Added by Acts 1997, 75th Leg., ch. 1010, Sec. 6.20, eff. Sept. 1,
1997.

Sec. 341.0356.  Order to Stop Operations.

         (a) A public water supply system shall stop operations on
receipt of a written notification of the executive director of
the commission or an order of the commission issued under this
section.

         (b) The executive director or the commission may order a public
water supply system to stop operations if:

                       (1) the system was constructed without the approval required
         by Section 341.035; or

                       (2) the executive director determines that the system
         presents an imminent health hazard.

         (c) A notification or order issued under this section may be
delivered by facsimile, by personal service, or by mail.

         (d) A water supply system subject to notification or an order
under this section, on written request, is entitled to an
opportunity to be heard by the commissioners at a commission
meeting.

         (e) The public water supply system may not resume operations
until the commission, the executive director, or a court
authorizes the resumption.

Added by Acts 1997, 75th Leg., ch. 1010, Sec. 6.20, eff. Sept. 1,
1997.

Sec. 341.036.  Sanitary Defects at Public Drinking Water Supply Systems.

         (a) A sanitary defect at a public drinking water supply system
that obtains its water supply from underground sources shall be
immediately corrected.

         (b) A public drinking water supply system furnishing drinking
water from underground sources may not be established in a place
subject to possible pollution by floodwaters unless the system is
adequately protected against flooding.

         (c) Suction wells or suction pipes used in a public drinking
water supply system must be constantly protected by practical
safeguards against surface and subsurface pollution.

         (d) Livestock may not be permitted to enter or remain in the
wellhouse enclosure of a public drinking water supply system.
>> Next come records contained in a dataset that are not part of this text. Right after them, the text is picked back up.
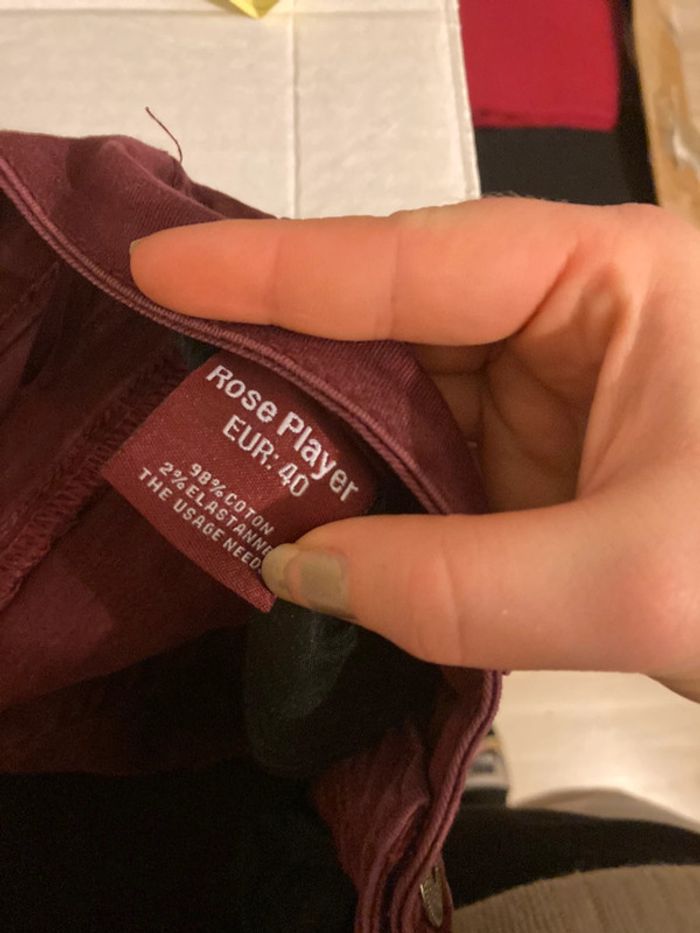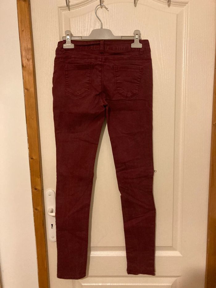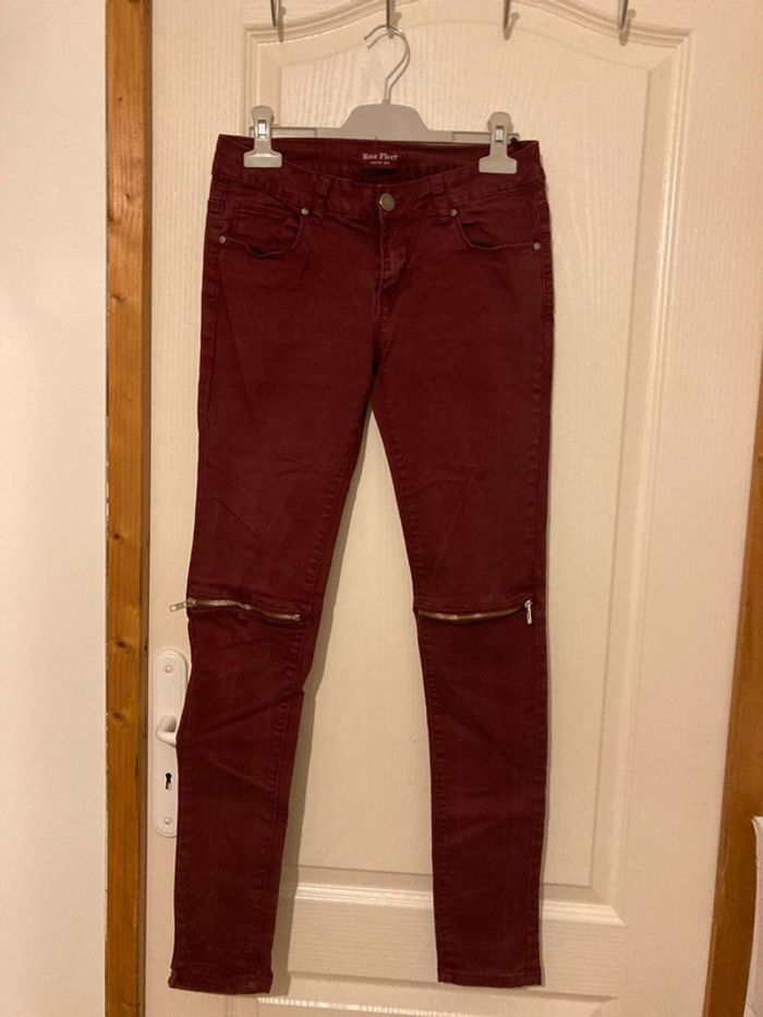 Jean skinny bordeaux avec fermetures argentées aux genoux Rose player taille 40 En très bon état
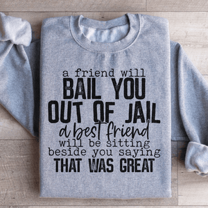 Celebrate friendship with style and grab your "A Friend Will Bail You Out Of Jail" sweatshirt now. Wear it proudly, and let the world know that you value the bonds of friendship, even when it comes to hypothetical bail scenarios. With this sweatshirt, you're ready to keep the good times rolling!.
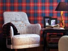 Най -популярната днес е шотландската клетка, която подчертава традицията и древността на интериора, внася в нея духа на добрата стара Англия..

         (e) Public drinking water distribution lines must be
constructed of impervious materials with tight joints and must be
a reasonably safe distance from sewer lines.
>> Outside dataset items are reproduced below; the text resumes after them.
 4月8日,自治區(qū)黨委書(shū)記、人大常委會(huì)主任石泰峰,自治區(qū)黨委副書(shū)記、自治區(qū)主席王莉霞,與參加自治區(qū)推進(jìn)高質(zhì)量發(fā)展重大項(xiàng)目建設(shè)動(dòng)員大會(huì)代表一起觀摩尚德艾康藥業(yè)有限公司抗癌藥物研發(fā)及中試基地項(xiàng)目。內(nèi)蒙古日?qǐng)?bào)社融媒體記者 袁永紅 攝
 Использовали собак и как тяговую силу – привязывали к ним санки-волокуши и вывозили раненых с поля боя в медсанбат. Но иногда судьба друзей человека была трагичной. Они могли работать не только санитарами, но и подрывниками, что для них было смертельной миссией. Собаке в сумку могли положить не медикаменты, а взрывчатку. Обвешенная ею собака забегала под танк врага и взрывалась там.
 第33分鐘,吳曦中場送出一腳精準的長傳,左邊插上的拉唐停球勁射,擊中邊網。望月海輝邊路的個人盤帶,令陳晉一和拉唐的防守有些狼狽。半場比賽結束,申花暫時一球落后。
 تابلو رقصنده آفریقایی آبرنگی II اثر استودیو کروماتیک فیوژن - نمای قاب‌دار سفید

         (f) Water from a surface public drinking water supply may not
be made accessible or delivered to a consumer for drinking
purposes unless the water has been treated to make it safe for
human consumption.  Water treatment plants, including aeration,
coagulation, mixing, settling, filtration, and chlorinating
units, shall be of a size and type prescribed by good public
health engineering practices.

         (g) A clear water reservoir shall be covered and be of a type
and construction that prevents the entrance of dust, insects, and
surface seepage.

Acts 1989, 71st Leg., ch. 678, Sec. 1, eff. Sept. 1, 1989.

Sec. 341.037.  Protection of Bodies of Water From Sewage.

         The commission shall enforce state laws and take other
necessary action to protect a spring, well, pond, lake,
reservoir, or other stream in this state from any condition or
pollution that results from sewage and that may endanger the
public health.

Acts 1989, 71st Leg., ch. 678, Sec. 1, eff. Sept. 1, 1989.

Amended by Acts 1995, 74th Leg., ch. 76, Sec. 11.15, eff. Sept.
1, 1995.

Sec. 341.038.  Protection of Impounded Water From Disease-Bearing
Mosquitoes.

         A person that impounds water for public use shall cooperate
with the commission and local departments of health to control
disease-bearing mosquitoes on the impounded area.

Acts 1989, 71st Leg., ch. 678, Sec. 1, eff. Sept. 1, 1989.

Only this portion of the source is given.